One way to get dollars at favourable rates is to suck up to the US.
What's about the biggest US export after war?
Unsustainable, energy intensive, chemical laden agriculture.
We buy their model & agree to use more oil & shite on our food so we can keep the motion lotion flowing elsewhere.

And as I always say it is down to the consumer to support the systems they want to see, as it's no good relying on governments to do it.
Tavascarow

VAT would be pretty terrible for me too, as if you choose not to be registered you can't claim it back, which makes food more expensive either way. There would only be a slight advantage when you were making a profit but if you slipped into a loss you'd end up being taxed on them. & even more paperwork.
For a small farm with no employees you don't need more time in the office but less.
It's also the point I was making on the fast food thread. VAT punishes the customer.
Taxing production punishes the producer.
If anything (not just agricultural production) is unsustainable it should be taxed heavily.
But it's unlikely to happen.
The worlds number one commodity (oil) is dealt in dollars.
So countries want dollars to buy oil.
One way to get dollars at favourable rates is to suck up to the US.
What's about the biggest US export after war?
Unsustainable, energy intensive, chemical laden agriculture.
We buy their model & agree to use more oil & shite on our food so we can keep the motion lotion flowing elsewhere.

And as I always say it is down to the consumer to support the systems they want to see, as it's no good relying on governments to do it.

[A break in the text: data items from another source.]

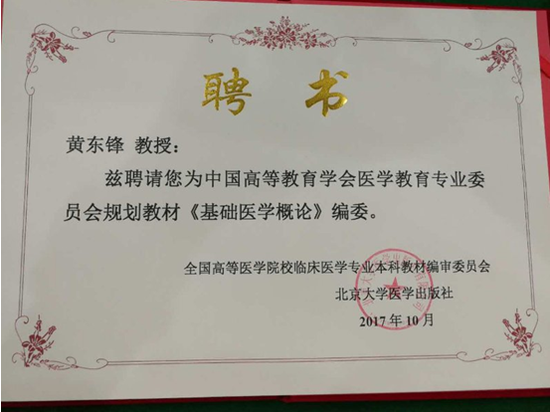 中山大学新华学院3044永利主任黄东锋教授当选中国高等教育学会医学教育专业委员会规划教材《基础医学概论》编委
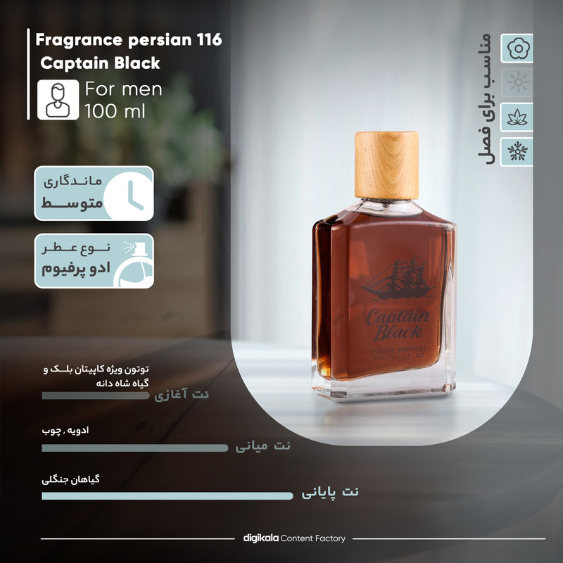 یکی از عطرهای مردانه و معروفی که در سالیان اخیر طرفداران زیادی پیدا کرده، «کاپتان بلک» (Captain Black) است. این پرفیوم 100 میلیلیتری با بوی تند و گرمش برای تمامی فصول بهویژه برای فصول سرد سال مناسب است. این عطر ارزانقیمت برای استفادههای مکرر و اصطلاحاً دمدستی گزینهی خوبی به نظر میرسد. اگر به بطری کاپتان بلک نگاه دقیقی داشته باشید، بهسرعت متوجه طراحی جذاب و مردانهی آن میشوید.. اگر این پرفیوم را روی پوست و در محل نبضتان اسپری کنید، خیلی سریع متوجه بوی توتون ویژه کاپیتان بلک خواهید شد. بوی این توتون با تندی، شیرینی و گرمایش هیجان و انرژی زیادی را به شما منتقل میکند. پس از مدتی، نتهای پایانی جای نتهای آغازی را میگیرند. این نتها از ترکیب گیاهان جنگلی تشکیلشدهاند. آرامش و تمرکزی که از این ترکیب میگیرید، تا مدت زیادی ماندگار خواهد بود. خرید عطر کاپتان بلک با توجه به محبوبیت فوقالعاده در تمام دنیا، بوی تند و فراگیر و قیمت منطقی و نهچندان بالایش برای شما به خاطرهای شیرین تبدیل خواهد شد.
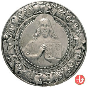 9-XXV Pontificato Cristo-Festa a Milano 53mm Dritto: nel cerchio interno a cornice floreale:. LEONI • XIII • P • M • ADSERTORI • SAPIENTIAE • CHISTIANAE • = A • MCMIII • KAL • MART • NATALI • SACRI • PRINCIPATVS • EIVS • XXV bisto con berretto, mozzetta e stola s dx Gesú di fronte nimbato con libro aperto iscritto: EG _ OS = SVM _ LUX = MVN _ DI | |
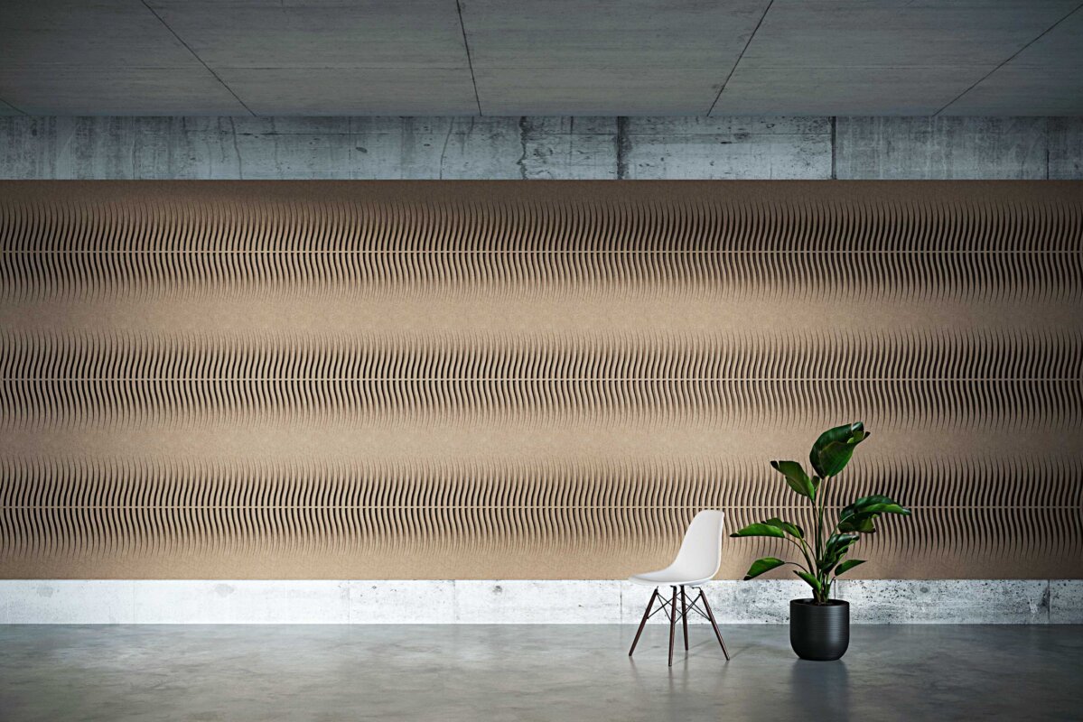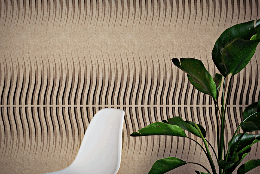 3D akustická stěna z materiálu ECHOBOARD® – Ručně tkaná akustika jako architektonický prvek.
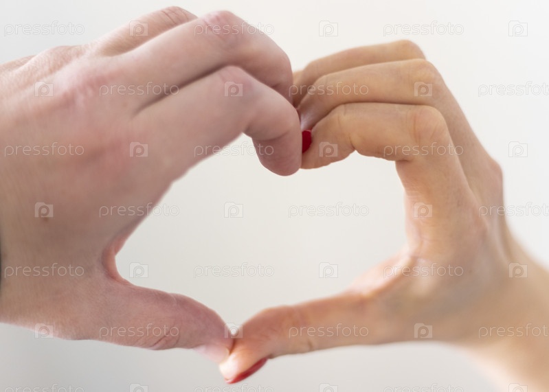 Мужчина и женщина держат руки в форме сердца как символ любви. День святого Валентина
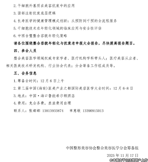 中国整形美容协会整合美容医学分会筹备会 整合容貌年轻化抗衰老论坛 12月6日·海口 |
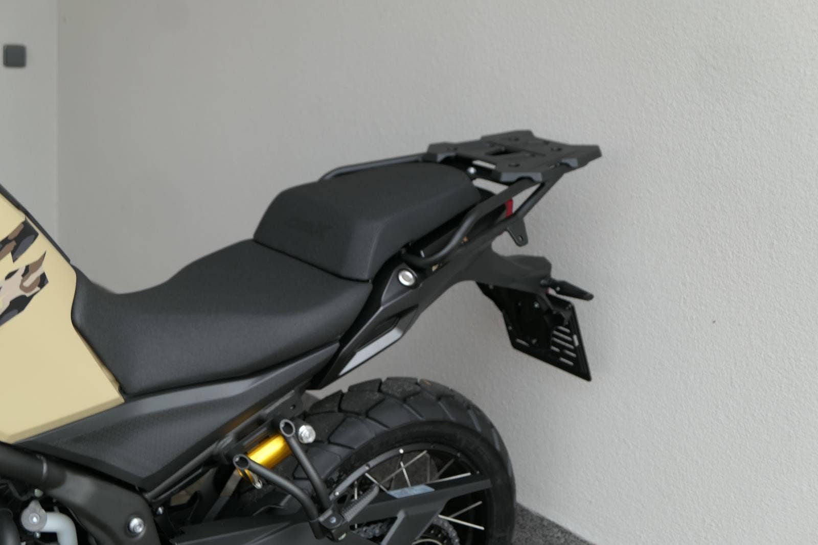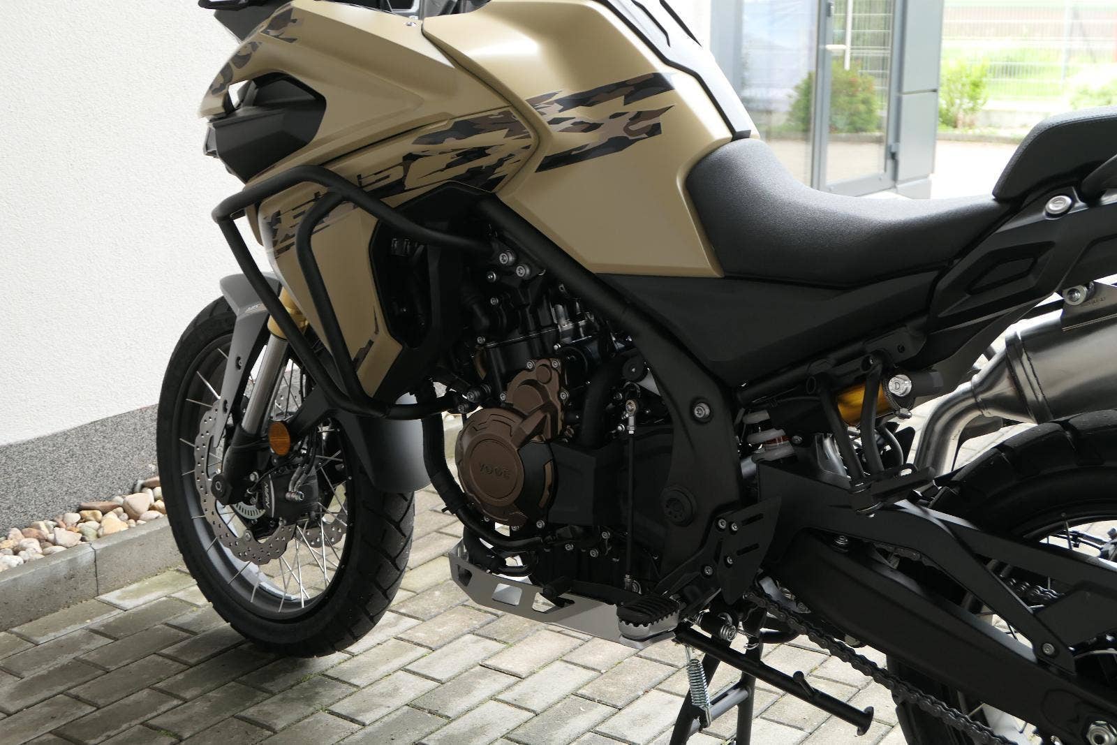 Těšit se můžeš taky na plexi, který si z místa řidiče bez nářadí nastavíš do dvou poloh. Oceníš i hliníkovej kryt motoru, LED světla včetně přídavnejch bodovek, boční i středovej stojan a hafo další výbavičky. Jo, a nově mám taky podsvícený ovladače na řídítkách, takže už žádný tápání ve tmě.

So spread the word. Your average consumer is almost as ignorant to the damage they cause as the bullocks & sheep on your farm.
& the majority of the ones that are switched on are happy to play the game for their own ends.
& to be perfectly honest would the population be happy with the Cuban model if we had that option?
Most people would be horrified if they had to grow their own food & compost their own shit.
Rob R

Spreading the word is pretty much all I do. But often it gets dismissed as coming from a 'vested interest', which it is. But it's ironic that I'd be much better off jacking it all in and going to milk [maize-fed] cows or drive tractors.